- What you need to do -
Transcribed word for word, the lines below from the one with "Reference: Nova Scotia" through the last line of the records form the answer; no picture is to be included.

[Stored records]
[Start of Attachment]

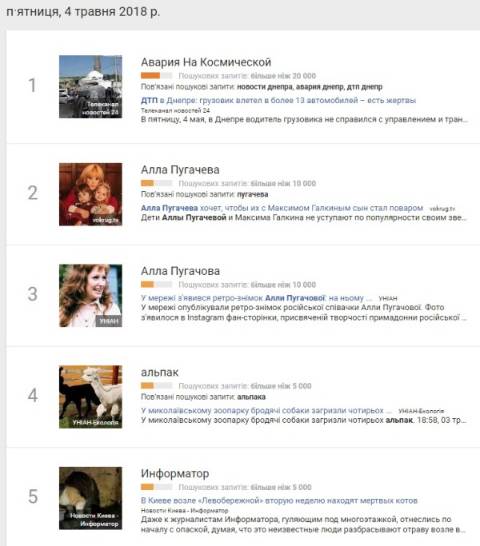 Сьогодні, 4 травня, українці найбільше шукали у пошуковику Google інформацію, що зранку у Дніпрі водій вантажівки не впорався з керуванням і транспортний засіб знесло з дороги на парковку біля магазину.
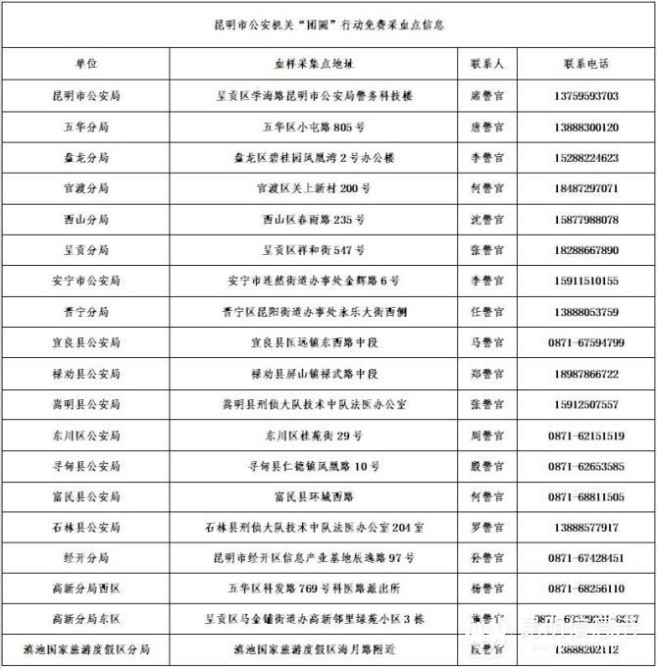 昆明警方“團圓”行動血樣免費采集點
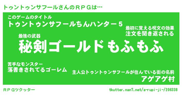| 男性向けラノベタイトル風あだ名 | 『トゥントゥンサフールの憂鬱』 |
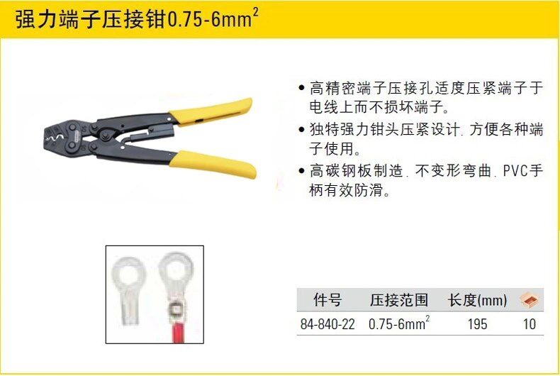 American Stanley tools 84-840-22 strong terminal crimping pliers 0 75-6mm2 square
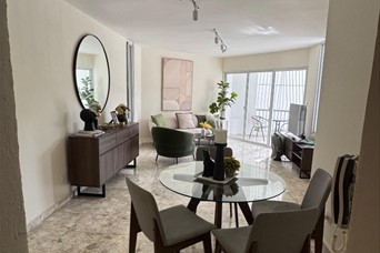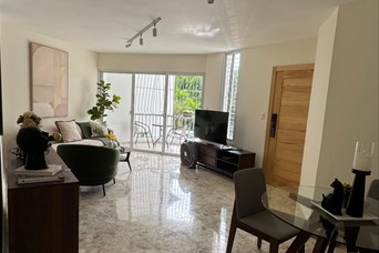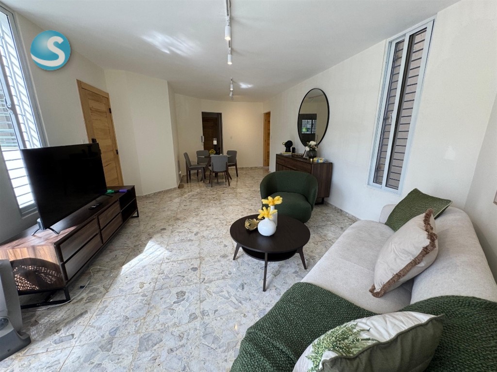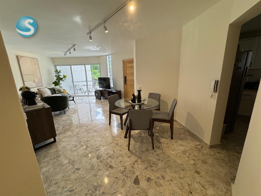 Apartamento clásico recién remodelado con ubicación privilegiada en el Ensanche Naco. A pocos pasos de las Av. Lope de Vega y Abraham Lincoln en calle cerrada tranquila. Vivir en el centro de la ciudad sin ruido de tráfico en tu calle. 128 metros cuadrados 3 habitaciones 2 baños Habitación principal con baño Sala-comedor Balcón Cocina Área de lavado Cuarto de servicio con baño Clóset de ropa blanca 1 parqueo 2do piso Tinaco Pisos recién tratados, nuevas puertas de madera , iluminación y pintura en óptimas condiciones Mantenimiento RD$3,000
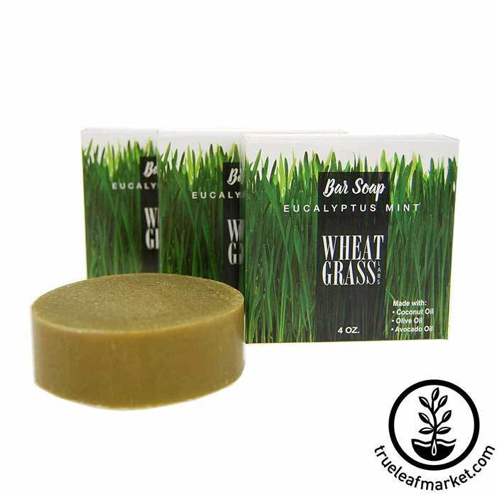 Wheatgrass is regarded as one of nature's most effective cleansers. Rich in chlorophyll, wheatgrass has antioxidant properties that provides the skin with protection against oxidative damage and environmental pollutants. Wheatgrass and Eucalyptus Mint Bar Soap is made with coconut oil, olive oil, and avocado oil. This product is plant based, gluten free, and never tested on animals!
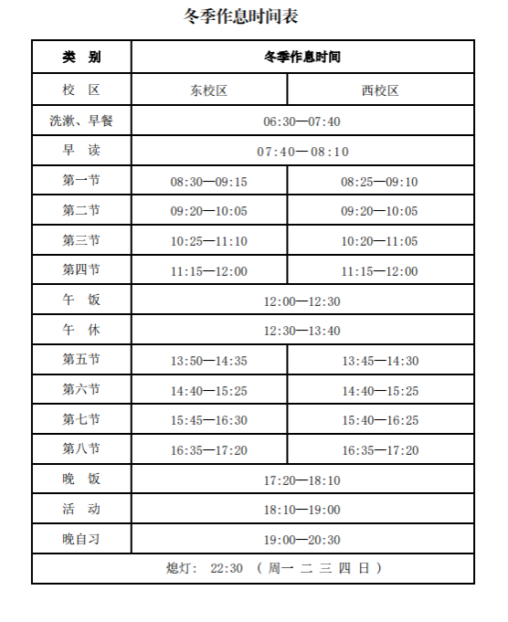 附件:西安翻译学院冬季作息时间表
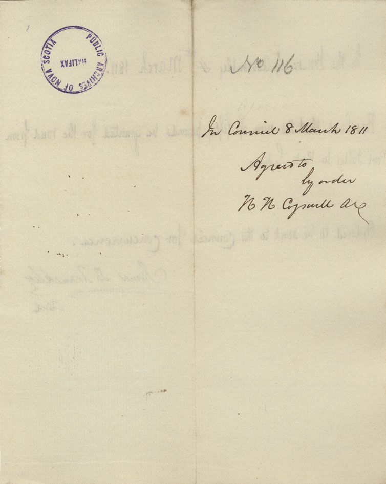 Reference: Nova Scotia House of Assembly Nova Scotia Archives RG 5 Series A volume 17 number 49
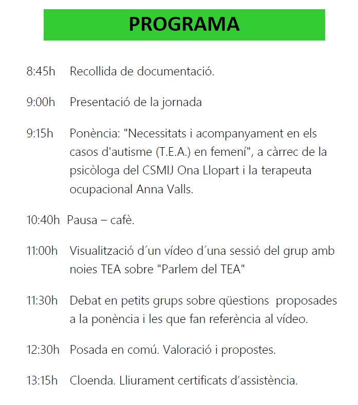 El proper divendres 7 de juny de 2024 de 9 a 14h a la sala d’actes del Centre Municipal d’Educació de Palafrugell tindrà lloc la Xa Jornada de professionals i equips d’infància i adolescència de la comarca organitzada per la Fundació Josep Pallach. Aquest any, la jornada anirà dedicada a les necessitats i acompanyament en els casos d’autisme (TEA) en femení.
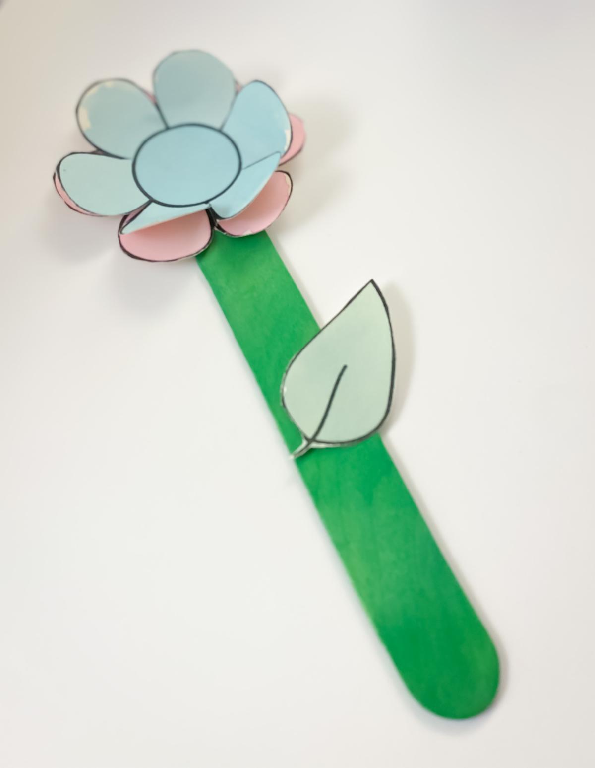 The children used watercolor paint to paint flowers and leaves. After painting, they cut and glued their flowers and leaves to a painted popsicle stick. The children were encouraged to write special notes on the petals if they would like.
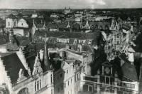 1932 , Fasady kamienic po północnej stronie ul. Wielkiej, z lewej dawny kościół Dominikanów (obecnie kościół Jezuitów), w głębi katedra, około 1932 roku.

[End of Attachment]

- Solution below -
 Reference: Nova Scotia House of Assembly Nova Scotia Archives RG 5 Series A volume 17 number 49
 El proper divendres 7 de juny de 2024 de 9 a 14h a la sala d’actes del Centre Municipal d’Educació de Palafrugell tindrà lloc la Xa Jornada de professionals i equips d’infància i adolescència de la comarca organitzada per la Fundació Josep Pallach. Aquest any, la jornada anirà dedicada a les necessitats i acompanyament en els casos d’autisme (TEA) en femení.
 The children used watercolor paint to paint flowers and leaves. After painting, they cut and glued their flowers and leaves to a painted popsicle stick. The children were encouraged to write special notes on the petals if they would like.
 1932 , Fasady kamienic po północnej stronie ul. Wielkiej, z lewej dawny kościół Dominikanów (obecnie kościół Jezuitów), w głębi katedra, około 1932 roku.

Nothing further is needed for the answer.